Edit2: Double never-mind, the problem assumes you don’t know the level of bias. But I think the OP threw that out as well.


The method I described it a bit weird and round-about, exactly because it has to work around not knowing the bias.

Essentially, it generates a thousand flips, and then carefully extracts the randomness only out of how those flips are shuffled, but now how many heads there are.

However, the closer to 500/500 your distribution is, the more entropy the method I describes can extract. Conversely, if you randomly hit 1000 heads and 0 tails, the method can't extract anything, and you'll have to sample again.

In contrast, a method that knows the bias and can exploit it, can extract the same number of random bits, no matter what you actually flipped. Eg in the special case of a known unbiased coin, you always get 1000 random bits for 1000 flips. Even if those flips happen to be 1000 heads.


But the point remains, your method shouldn’t need a full table cached in advance, right? You should be able to use a formula to compute its “effective index”.


Yes, definitely. I just didn't mention that, because I thought it was obvious that we agree on that.

And instead of computing the "effective index" as an abstract number and then extract bits from that, you can work out directly how to generate the unbiased bits.


Yes. Though in practice you wouldn't want to generate that specific table for 1000 flips.
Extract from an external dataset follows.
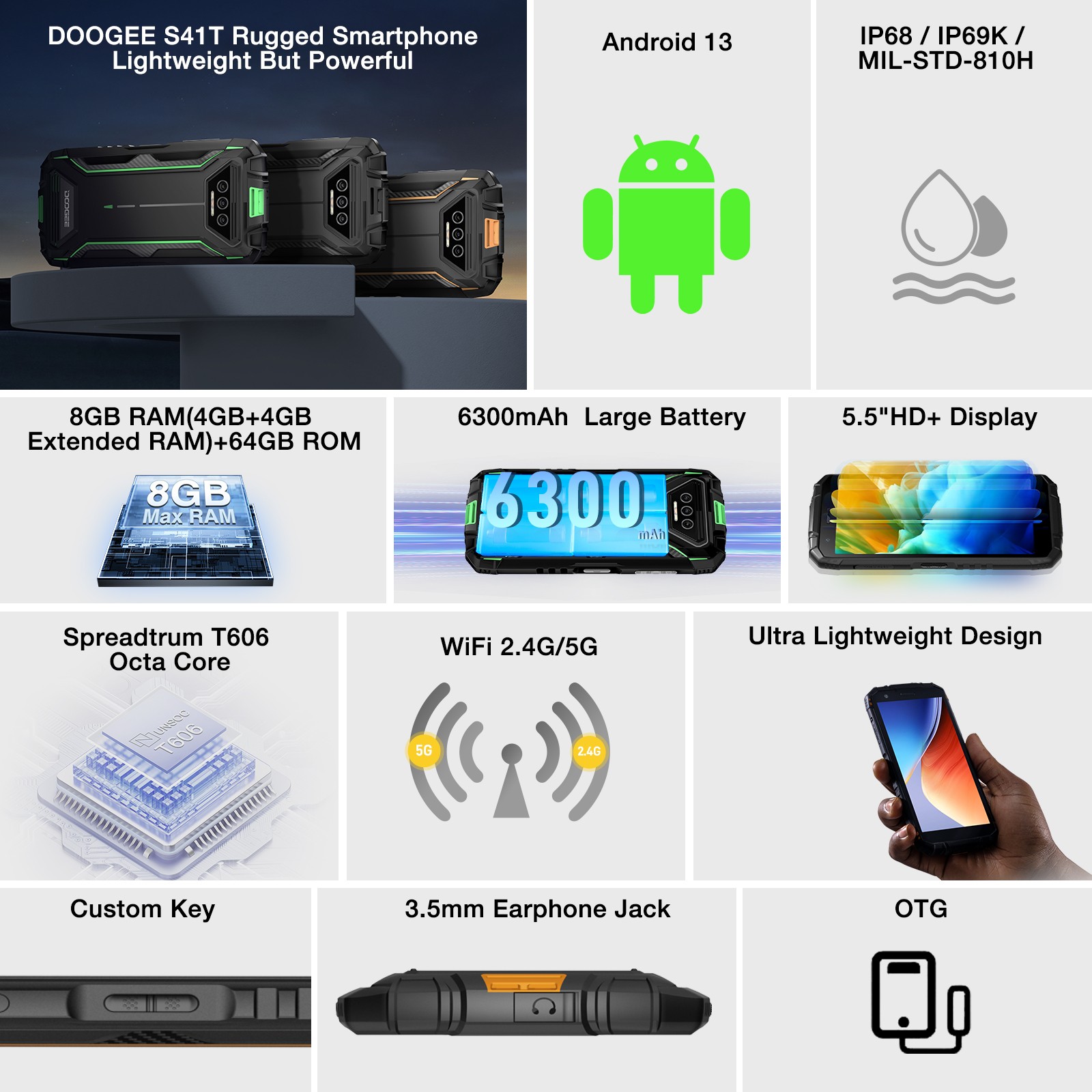 DOOGEE S41T Outdoor Handy Ohne Vertrag Android 13 Smartphone 6300mAh 8GB+64GB DE

It's far too big.


More efficient in how many flips you consume to produce an unbiased bit.

Less efficient in terms of runtime (if you implement it as naively as I have described here).


> Produce a table of all possible sequences of length 1,000 with k heads and 1,000-k tails. > Look up the position of your actual realized sequence in that table. The index of that position is a uniform random integer in a range from 1 to the size of the table.

I don’t see why it would be. The normal way to produce such a table is as hhh…hh, hhh…ht, hhh…th, … ttt…ht, ttt…th, ttt…tt. If heads is more likely than tails, the index is more likely to be in the lower half than the upper half.

Reading https://blog.cloudflare.com/ensuring-randomness-with-linuxs-..., I also don’t think that’s how Linux’ entropy pool works.


The parent comment was saying that when you fix the number of heads to be k in advance, the set of head positions you get is random. That sounds correct.


> Reading https://blog.cloudflare.com/ensuring-randomness-with-linuxs-..., I also don’t think that’s how Linux’ entropy pool works.

Where does the description in that article differ materially from what I described in the parenthetical remark?

(Of course, it does differ from what I described in the main text of the comment.)


Cool idea! I wonder what you mean concretely by “extract unbiased bits from unbiased integer”?

Let’s say my experiment results in an index of 42, how do you convert that integer into information about a string of unbiased coin flips?



Arithmetic coding is the industrial strength way to do this, yes!

However, you can do much simpler and still be pretty efficient (and unbiased).

Suppose your range was numbers between 1 to 49 (inclusive).

If you get a number between 1 to 32, you interpret that as 5 bits. If you got a number between 33 to 48, you interpret that as 4 bits (because you have 16 == 2^4 possibilities between 33 to 48). If you hit 49, you just drop everything and sample again.

So if you got 42, like j7ake suggested, that would be 42 - 32 = 10 = 0b1010.

You can generalize this scheme to other numbers of possibilities.


despite all the theoretical work, it's not physically possible to bias a coin to any notable degree. Unlike a die you can't weight one of the faces, you can bend the coin but it takes about a 90 degree bend in a coin to be able to say that a coin is biased with statistical confidence. Or in other words, if the coin appears reasonably flat, it's fair enough that you won't notice.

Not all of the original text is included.